Sonja L.B. Arneaud, Jacob McClendon, Lexus Tatge, Abigail Watterson, Kielen R. Zuurbier, Bhoomi Madhu, Tina L. Gumienny, Peter M. Douglas

Research output: Contribution to journalArticlepeer-review


Aging is a complex and highly regulated process of interwoven signaling mechanisms. As an ancient transcriptional regulator of thermal adaptation and protein homeostasis, the Heat Shock Factor, HSF-1, has evolved functions within the nervous system to control age progression; however, the molecular details and signaling dynamics by which HSF-1 modulates age across tissues remain unclear. Herein, we report a nonautonomous mode of age regulation by HSF-1 in the Caenorhabditis elegans nervous system that works through the bone morphogenic protein, BMP, signaling pathway to modulate membrane trafficking in peripheral tissues. In particular, HSF-1 represses the expression of the neuron-specific BMP ligand, DBL-1, and initiates a complementary negative feedback loop within the intestine.
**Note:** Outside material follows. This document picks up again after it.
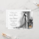 Romântica Vintage Bridal Sketch Invitation with Perfume Bottle Accent Este elegante convite para casamento apresenta um desenho de lápis macio de um vestido de noiva vintage em um manequim, um buquê delicado em uma pequena mesa, e uma garrafa de perfume rosa pincelada inspirada pelo Chanel — o único sotaque colorido em um fundo branco limpo. Perfeito para casamentos românticos com um eterno ou talento parisiense. Uma bela escolha para noivas, chás de panela, casamentos de butique e cerimônias íntimas.

By reducing receipt of DBL-1 in the periphery, the SMAD transcriptional coactivator, SMA-3, represses the expression of critical membrane trafficking regulators including Rab GTPases involved in early (RAB-5), late (RAB-7), and recycling (RAB-11.1) endosomal dynamics and the BMP receptor binding protein, SMA-10. This reduces cell surface residency and steady-state levels of the type I BMP receptor, SMA-6, in the intestine and further dampens signal transmission to the periphery. Thus, the ability of HSF-1 to coordinate BMP signaling along the gut–brain axis is an important determinate in age progression.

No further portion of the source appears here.